As noted French anthropologist Claude Levi-Strauss once said, “the scientific mind does not so much provide the right answers as ask the right questions.” As teachers, when we present students with a phenomenon, our goal should not be to have students give us a single textbook answer. Instead, what we really want is for them to generate a series of questions. It is from their own attempts to answer those questions that they will come to make sense of the world around them. In this unit, my goal is to demonstrate how investigating what makes popcorn pop can lead to a better understanding of thermodynamics and molecular interactions at the middle school level.

I am currently a sixth grade science teacher at Henry B. DuPont Middle School, a comprehensive public middle school in the Red Clay School District. It has approximately nine hundred students distributed over the sixth through eighth grade band. H. B. is located in a suburban setting but draws from both the city of Wilmington and the suburbs of Hockessin and Newark with a present composition of forty percent city and sixty percent suburban. Our feeder pattern consists of eight different elementary schools. There is a great disparity between the urban and suburban students on average when it comes to academic readiness and diversity of background knowledge. It is not a matter of potential ability but previous opportunities and, in some cases, differing expectations. The academic range in science has further been extended by increasing the amount of inclusion.

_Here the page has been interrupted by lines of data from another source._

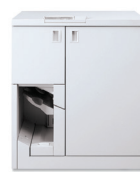
Xerox® Tape Binder
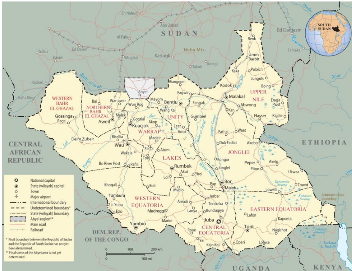
Figure 1: Map of South Sudan 22

According to the Global Partnership for Education (GPE), the education system in South Sudan is characterized as a low investment, low capacity, but high demand system. The 2012 General Education Act (9(1) a-c) sets out three levels of formal education: Pre-primary, Primary and Secondary. It defines pre-primary as “spanning two years and serving as an introduction to the schooling experience for children in the ages of 3-5” and not ages 3-6. 23 Educational resources are distributed very inequitably between and within states (e.g. there are notable differences between classrooms, teachers and textbooks at the primary level in regions across the country). This inequity can be explained by issues of insecurity, localized returnee/IDP populations, administrative and financial gaps. The strain on limited existing resources is further exacerbated by the influx of returnees and internally displaced persons (IDPs) as a result of ongoing conflicts and floods within the country. Most states have a poor gender parity index (GPI) of 0.4 - 0.5 in primary school enrollment (the rare exception being Juba county with a GPI of 0.9). Similar gender disparities exist for teachers at all levels: typically, only 5 to 7.5% of teachers are female (with Juba county’s 32.3% female teachers as the exception). Children with special needs make up about 2.3% of the school population (baseline data for the entire population are unavailable),
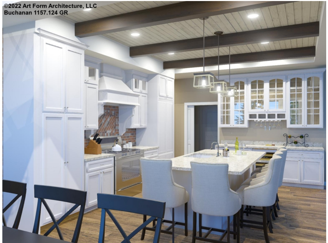
Interior View - Kitchen - Additional Image

Some features shown are optional. Your Purchase & Sale Agreement governs, whether items are labeled "optional" in this document or not.
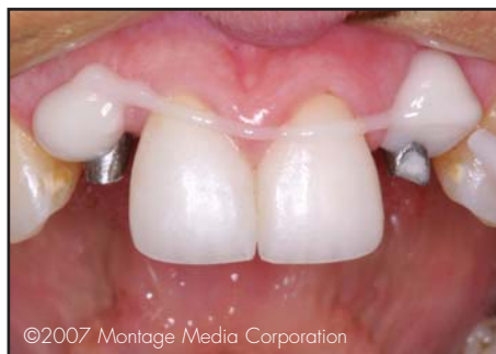
Figure 7. The provisional abutments were covered with a provisional acrylic material, prior to insertion of the putty matrix.
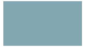
SAPPHIRE BLUE QC 8261
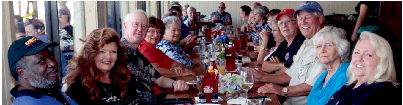
Above: November at Fishlips
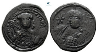
1491 Michael VII Doukas AD 1071-1078. Constantinople Follis Æ 27 mm, 6,47 g very f ine 10
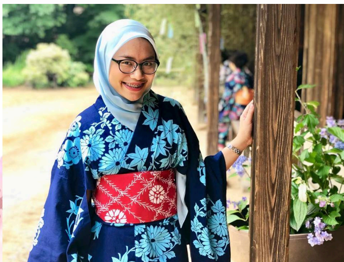
Went to Yukata's Program held by Kanagawa SGG Club
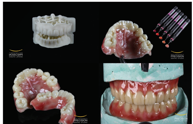
Figure 7: Characterization of the three-dimensional printed denture with Visio.lign system
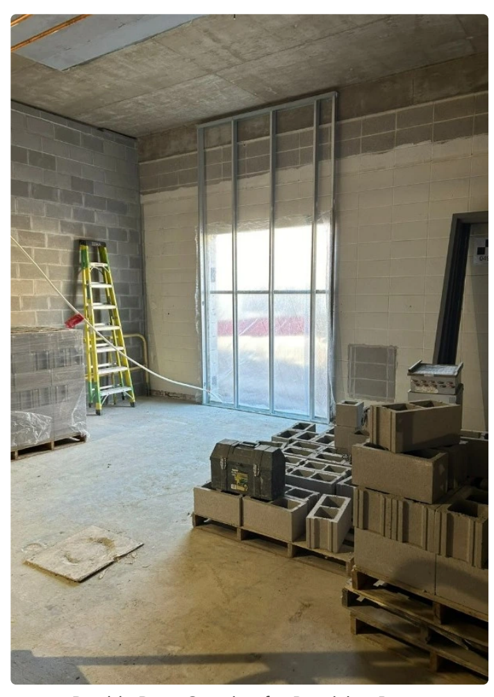
Double Door Opening for Receiving Room
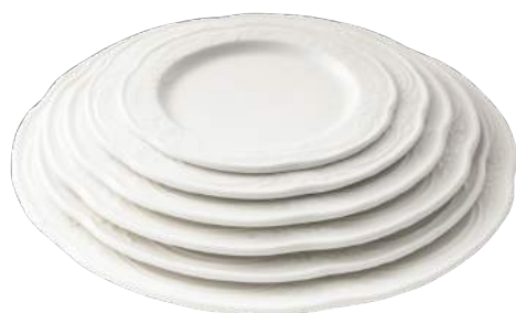
12" Plate (30cm)
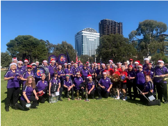
In the staging area in Adelaide

Way back in 2020, TBGO began planning its most ambitious adventure, but thanks to a certain global pandemic we had to put it on hold. We fi-
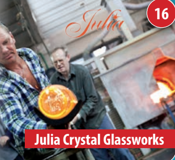
Julia Crystal Glassworks
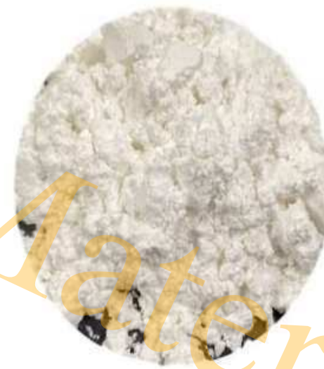
AlN Surface Modification Powder
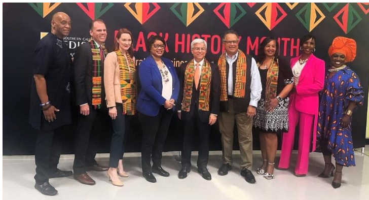
SCE Black History Program presenters

Congratulations to all the honorees! The event provided a wealth of valuable information, and we express our gratitude to SCE for extending the invitation, allowing us to connect and learn more about their commendable initiatives in our communities. As a result, we look forward to exploring Edison programs and services, including Edison Scholars, Line Worker Scholarship, and Free Energy Education classes, which we plan to introduce to Young Legends and the broader SGV-NCNW membership.
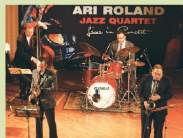
US Band performing at the event

Student Council Office, UCP, in collaboration with US Consulate organized a concert on 19th February, 2016 at UCP Auditorium.
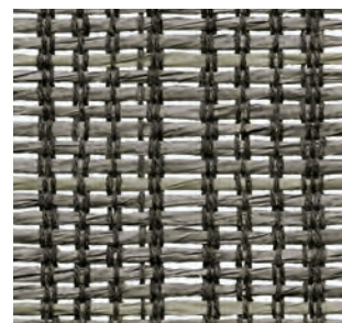
PE605-60 Cool Grey
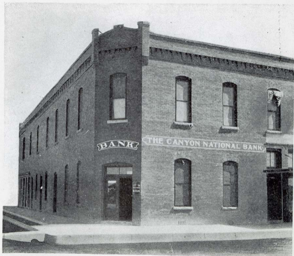
The Canyon National Bank
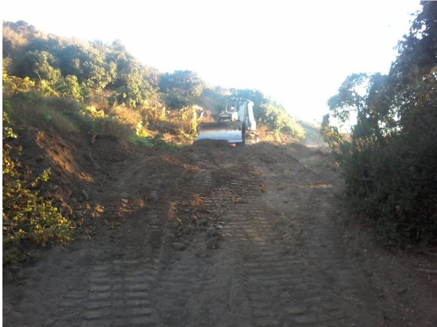
Photo 11: An H&M crew bulldozing road outside of the approved project area near Construct 70 on Segment 3B. November 21, 2017
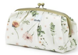
Meadow Blossom 50610138588NA
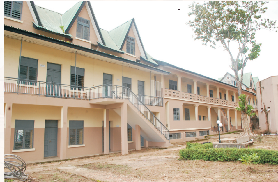
THE MOST REVD. DR. PETER JASPER AKINOLA HALL CROWTHER DEMONSTRATION AND ACADEMY
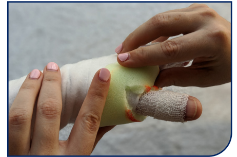
12. Apply foam as an option to ensure protection of the thumb web space.
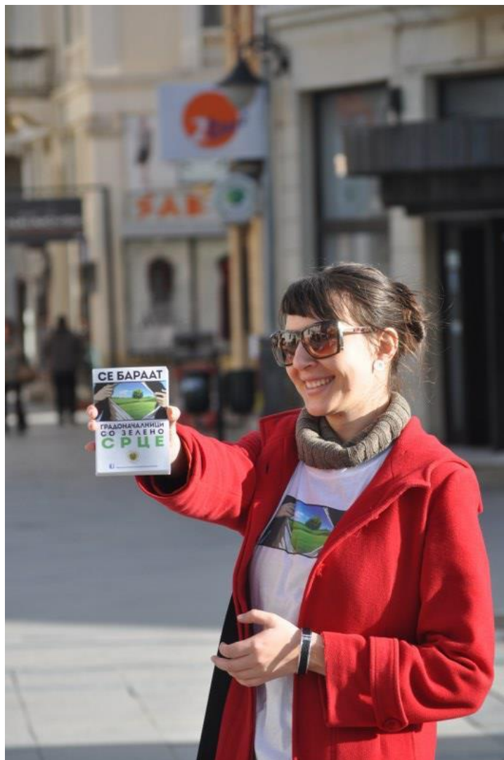
Activist for the Cool Mayors campaign shows off outreach materials.

In each case, experienced NDI organizers provided technical assistance to the partners as they developed and ran their strategic campaigns. Assistance included a combination of training, individualized consultations, on-the-job coaching, and facilitated discussions to reflect on their activities, learn from experience and chart next steps. NDI also worked to connect partners with potential allies in the legislature, political parties, government, media, academic institutions and other civic organizations. Groups also received small amounts of financial assistance from NDI to help with their organizing.
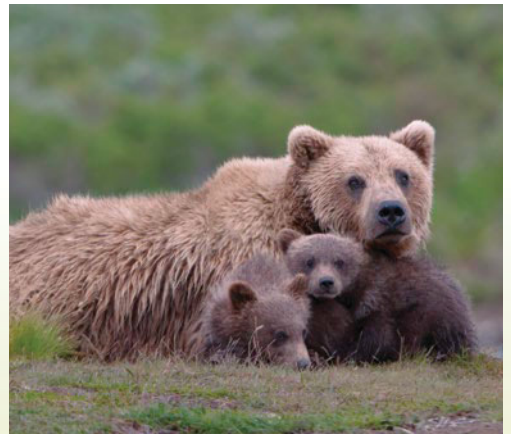
Grizzly bear and cubs

Enrichment: Geography & History of Denali National Park. Join a resident mountain climber and naturalist who will enlighten you with the history and unique geography of this storied, magical region.
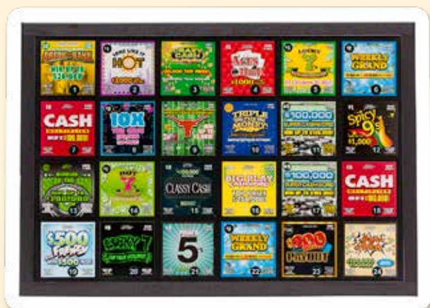
Change Mat 24

Our super thin, durable change mat displays up to 24 games on the counter right at the point-of-sale.
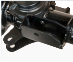
Front Axle Features Exclusive Raised Track-Bar Bracket with integrated Ram-Assist Mount
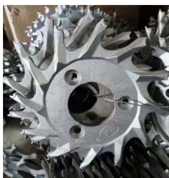
12 cell- all other small grains

Note that all seed plates are made from aluminium alloy. No plastic plates are currently available. Note also that no blank plates are available. (Some manufacturers have blank plates as an option and the farmer drills holes as required around the periphery to suit the type of grain being planted.)

Delaware’s science curriculum is in a transition phase which allows me some freedom to create learning opportunities that align to the Next Generation Science Standards (NGSS), even if they don’t align to the current grade level curriculum map. The aim of the three stranded approach of the NGSS is to more fully engage students in critically using science rather than memorizing facts. At the same time, science should be for all, including those that struggle with literacy. My job is to design experiences and share visual representations that will help students discover and understand key ideas relating to temperature and change of state in some cases with minimal reliance on text support.

This particular unit is designed to meet both the NGSS and a wide range of students’ abilities and backgrounds. Students will use science and engineering practices to answer a question of their own choosing while incorporating Common Core math and language standards. Although I will be implementing it in sixth grade, it could be used across the middle school grade bands.

The unit is divided into three parts. It will start with the phenomenon of popping corn. Students are provided with a variety of resources to build background knowledge. Then students will look at the thermodynamics of heat transfer as it relates to phase changes using water. Lastly, they will design, execute, and analyze their own experiments connected in some way to popcorn. Depending on readiness, students may do additional research on the structure of saturated and unsaturated fatty acids as it relates to both oils used in preparation and in flavoring.

As stated earlier, this unit serves as a bridge. In the Science Education for Public Understanding Program unit “Studying People Scientifically,” students learn about some aspects of investigation protocol such as the use of a control, multiple trials, sample size and data analysis. They learn about qualitative and quantitative data and how each type provides information. “Being Corny” increases the rigor by requiring the students to generate the questions, hypotheses, and procedures. The properties of water and its changes of state provide a link to the Earth History unit that follows. Whether as a source of weathering (frost wedging), erosion (glaciers, running water), or transpiration and evaporation, water’s changing states affect the Earth’s surface. Lastly, the concept of transformation of energy and energy and motion relate to the current Forces and Motion unit.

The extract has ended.